Discussion
Female hydrocele, also named a cyst of the canal of Nuck ,
is an unusual diagnosis with only about 400 reported cases. Because this entity
is not
mentioned even in comprehensive surgical and gynecologic
textbooks, many physicians are unaware of its very existence.
In the male fetus, an evagination of the parietal peritoneum,
the processus vaginalis, accompanies the testis as it descends into the scrotum.

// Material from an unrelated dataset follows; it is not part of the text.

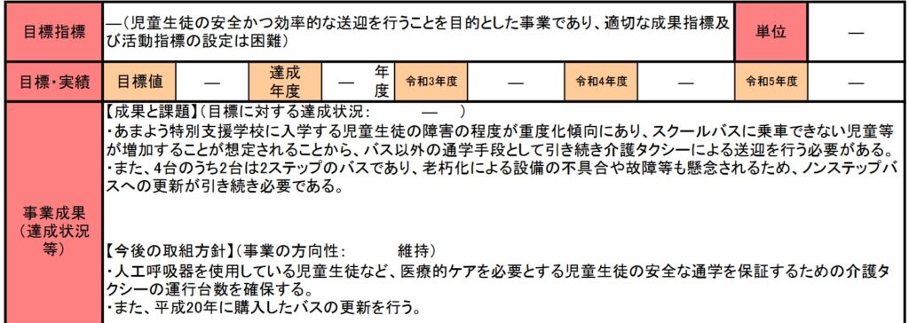 この事業の目標指標は例によって、数値的な記載はなく、事業成果にはただ継続します、新し送迎バスを買います、との記載しかありません。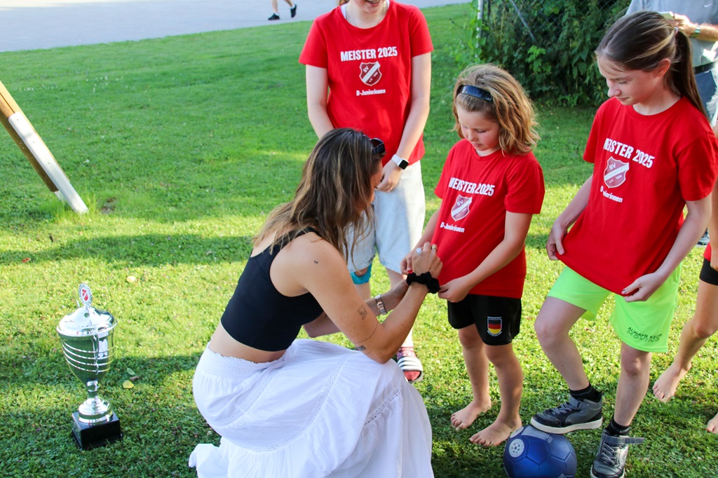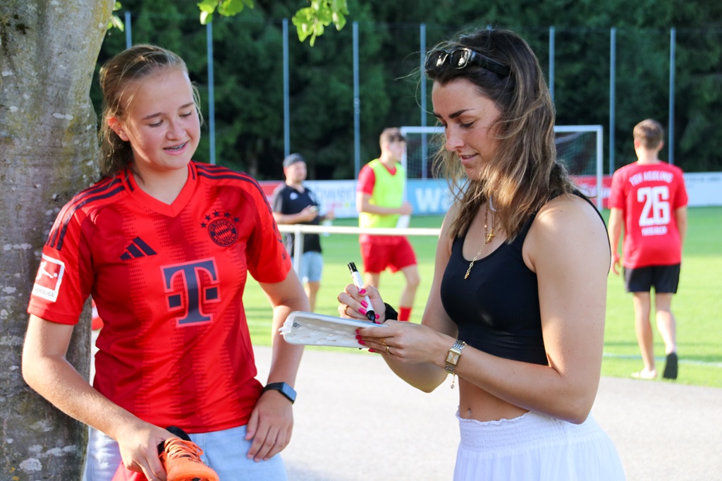 Selina, die ihre fußballerische Laufbahn einst selbst beim SV Schonstett begann, kehrte zurück, um ihre Erfahrungen zu teilen. Die Mädels waren Feuer und Flamme und hatten viele Fragen zu Selinas Alltag als Profispielerin. Selina nahm sich geduldig Zeit für jede einzelne Frage.

The same gloved fingerlike processus vaginalis, named the canal of Nuck after a 17th century Dutch
anatomist, follows the round ligament of the uterus as it passes through the female inguinal canal. Normally
this peritoneal evagination undergoes obliteration soon after birth in both
sexes. If it remains completely patent, it forms an avenue for an indirect
inguinal hernia.
Partial proximal obliteration, which leaves the distal
portion of the processus vaginalis open, creates the anatomic prerequisite for
a hydrocele of the spermatic cord and a cyst of the canal of Nuck ,
respectively. An imbalance of fluid secretion and absorption by the secretory
membrane lining the processus vaginalis may eventuate in the development of a
cystic swelling.
Hypersecretion or underabsorption may result from
inflammation, trauma, or impairment of lymphatic drainage, for instance, owing
to a large hernia, but in most cases it is idiopathic. The histologic
composition of a cyst of the canal
of Nuck reflects its
peritoneal origin: a variously thick fibrous outer wall containing blood
vessels and occasionally smooth muscle fibers, lined on the inside with a
single layer of mesothelial cells. The diagnosis of a female hydrocele is
seldom made on the basis of clinical findings alone. In fact, most of the cases reported in the literature were
diagnosed at surgery performed for suspected inguinal hernias. Patients usually
have a painless or moderately painful fluctuant inguinal mass, which is
irreducible and can be transilluminated if large enough. There are no acute abdominal
symptoms as with an incarcerated inguinal hernia, for which it is often
mistaken. Clinical diagnosis is even made more difficult by the fact that in
one third of the patients, a concomitant inguinal hernia is found. There are
many differential diagnoses for groin masses. Most commonly they are caused by inguinal
or femoral hernias, followed by enlarged lymph nodes and soft tissue tumors (eg,
lipomas, leiomyomas, and endometriosis of the round ligament). Further down the
list are vascular abnormalities (eg, arterial and venous aneurysms) and some
very rare entities such as ganglion cysts protruding out of the hip joint and
paraspinal abscesses surfacing in the groin. High-resolution sonography can identify the
nature of groin tumors in most cases or at least can narrow down the list of
differential diagnoses.
To the best of our knowledge, there has been only 1 report
dealing with the sonographic appearance of hydrocele of the canal of Nuck .
Anderson et al found
a tubular anechoic mass extending along the course of the round ligament
without any internal structures, thus representing a unilocular hydrocele. Miklos
et al described sonographically guided placement of a hook-wire needle to
facilitate surgical exposure of a multicystic hydrocele of the canal of Nuck without further detailing its
sonographic features.
Multiloculated hydroceles are reported in female as well as
in male patients, so internal septations are obviously not uncommon. As for the
somewhat strange internal structures in our cases (cysts within cysts), we can
only speculate. We assume that they represent remnants of a futile attempt by
nature at obliteration.
There are few conditions that can be confused with hydrocele
of the canal of Nuck on sonography. Malignant lymphomas
may at first glance have the appearance of anechoic cysts but show abundant
vasculature on color-coded Doppler sonography. Generally, we would suggest
color Doppler interrogation of all seemingly cystic structures to rule out a
vascularized structure before performing interventional measures. An incarcerated
hernia contains fluid, but there is always a solid, mostly hyperechoic
component protruding out of the hernial orifice into the sac, representing
compressed omentum or intestine (Figure 3).
Abscesses, apart from occurring in
an entirely different clinical setting, usually have an irregular
hypoechoic wall and echogenic debris or gas bubbles in their contents. The
peculiar sonographic morphologic features of hydrocele of the canal of Nuck ,
namely, a cystic mass with a fine circumferential echogenic margin, possibly with septa or cystic internal structures, make high-resolution
sonography the imaging modality of choice for diagnosing this entity.
In conclusion, hydrocele of the canal of Nuck
is a rare developmental disorder, but it ought to be on the differential
diagnosis list of groin tumors in female patients. The ultrasound community especially
should be aware of this entity because this diagnosis can readily and
confidently be established on the basis of sonography. A concomitant
inguinal hernia can be shown or ruled out in the same way. Although surgical
excision is curative and therefore the treatment of choice, in our
opinion, sonographically guided aspiration can be used to temporarily alleviate
patient discomfort in this absolutely benign condition.